Além disso, países europeus desenvolvidos como França, Alemanha ou Reino Unido apresentaram preços inferiores aos pagos em Rivera ou Montevidéu.
Apenas nove países — Japão, Finlândia, Israel, Irlanda, Suécia, Dinamarca, Suíça, Noruega e Islândia — revelaram-se mais caros.
Em comparação com outros lugares da América Latina, os produtos no Uruguai custam mais que o dobro dos da Bolívia, 80% mais que no México e 20% mais que os vizinhos Brasil e Argentina — parceiros no Mercosul e de onde chega boa parte das importações sem tarifas.

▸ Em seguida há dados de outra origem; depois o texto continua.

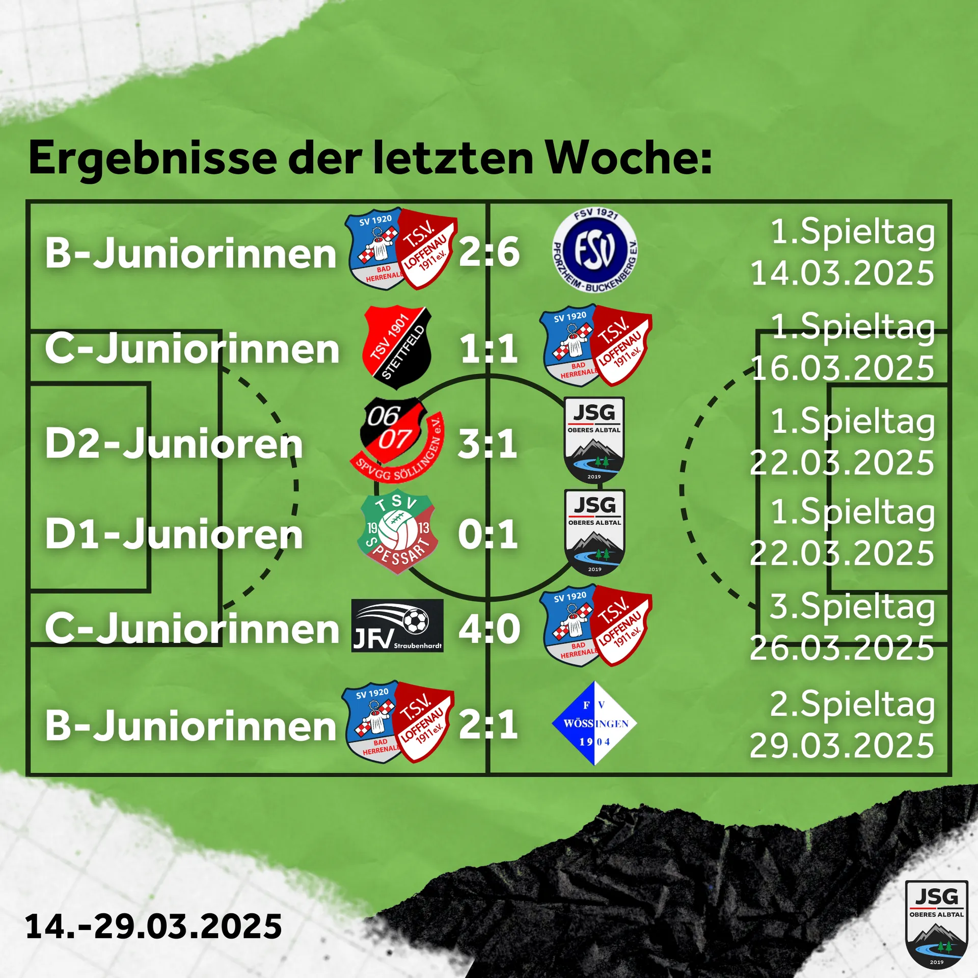 In der Pause stellten wir taktisch um, um das Zentrum besser zu besetzen und sprachen den Mädels Mut zu, mehr Einsatz und Konzentration zu zeigen. Dies setzten sie auch sehr gut um. Defensiv liesen Maya, Amal und Amina nichts mehr zu, während wir durch eine sehr laufstarke und spielfreudige Offensive um Suela, Lea und Laura zu eigenen Chancen kamen, die wir leider knapp vergaben. Wäre hier ein Ball reingegangen, hätte dies der Mannschaft sicher nochmals einen Ruck gegeben und es wäre spannend geworden. So bleibt eine unglückliche Niederlage aber eine zweite Hälfte, die viel Mut macht.B-Juniorinnen – JSG Walzbachtal 2:1 (1:1)

Em produtos de higiene e limpeza, o Uruguai é 58% mais caro que a média dos países; em alimentos e bebidas não alcoólicas, 55%; e em artigos de informática e eletrônicos, 43%.
‘Efeito país’
Este fenômeno ocorre com mais força em áreas onde praticamente não há — ou realmente não há — produção nacional, o que exige a importação, segundo explica Ignacio Umpierrez, economista e pesquisador do CED.

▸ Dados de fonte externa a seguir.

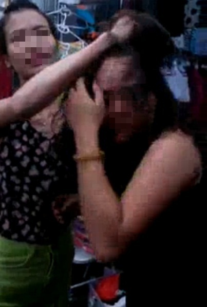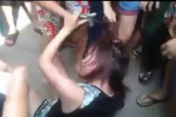 | Cô gái bị cho có hành vi trộm cắp bị túm tóc tại hiện trường. |

A lista de itens que não são produzidos no Uruguai é muito longa.
Umpierrez afirma que os preços mais elevados no Uruguai não são um resultado conjuntural do valor do peso uruguaio em relação a outras moedas, mas é uma situação que perdurará por muito tempo.

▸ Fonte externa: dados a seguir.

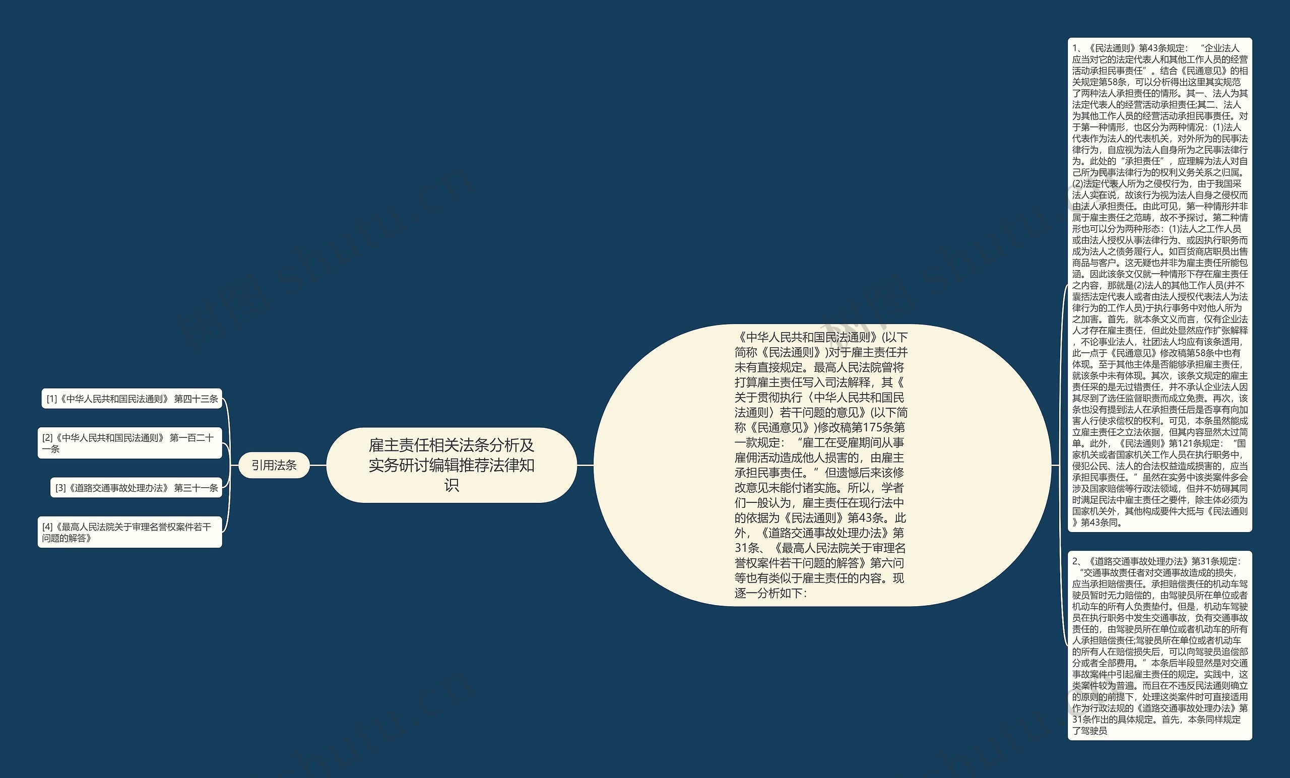 1、《民法通则》第43条规定: “企业法人应当对它的法定代表人和其他工作人员的经营活动承担民事责任”。结合《民通意见》的相关规定第58条,可以分析得出这里其实规范了两种法人承担责任的情形。其一、法人为其法定代表人的经营活动承担责任;其二、法人为其他工作人员的经营活动承担民事责任。对于第一种情形,也区分为两种情况:(1)法人代表作为法人的代表机关,对外所为的民事法律行为,自应视为法人自身所为之民事法律行为。此处的“承担责任”,应理解为法人对自己所为民事法律行为的权利义务关系之归属。(2)法定代表人所为之侵权行为,由于我国采法人实在说,故该行为视为法人自身之侵权而由法人承担责任。由此可见,第一种情形并非属于雇主责任之范畴,故不予探讨。第二种情形也可以分为两种形态:(1)法人之工作人员或由法人授权从事法律行为、或因执行职务而成为法人之债务履行人。如百货商店职员出售商品与客户。这无疑也并非为雇主责任所能包涵。因此该条文仅就一种情形下存在雇主责任之内容,那就是(2)法人的其他工作人员(并不囊括法定代表人或者由法人授权代表法人为法律行为的工作人员)于执行事务中对他人所为之加害。首先,就本条文义而言,仅有企业法人才存在雇主责任,但此处显然应作扩张解释,不论事业法人,社团法人均应有该条适用,此一点于《民通意见》修改稿第58条中也有体现。至于其他主体是否能够承担雇主责任,就该条中未有体现。其次,该条文规定的雇主责任采的是无过错责任,并不承认企业法人因其尽到了选任监督职责而成立免责。再次,该条也没有提到法人在承担责任后是否享有向加害人行使求偿权的权利。可见,本条虽然能成立雇主责任之立法依据,但其内容显然太过简单。此外,《民法通则》第121条规定:“国家机关或者国家机关工作人员在执行职务中,侵犯公民、法人的合法权益造成损害的,应当承担民事责任。”虽然在实务中该类案件多会涉及国家赔偿等行政法领域,但并不妨碍其同时满足民法中雇主责任之要件,除主体必须为国家机关外,其他构成要件大抵与《民法通则》第43条同。

Ele aponta para o “efeito país”, que diz respeito a algumas condições que tornam o país caro.
O pesquisador e a equipe concluíram que o mercado uruguaio — que é pequeno, porque há 3,5 milhões de pessoas no país — está concentrado em algumas empresas que são as grandes responsáveis por essas importações.
“Em mercados concentrados, o poder de precificação das empresas é maior”, explica.
Como consequência desta falta de concorrência, o lucro por produto era quase sempre superior à metade do preço pago pelo consumidor final, segundo mostrou a pesquisa. Ou seja, algo que foi importado por 10, o cidadão médio paga mais de 20.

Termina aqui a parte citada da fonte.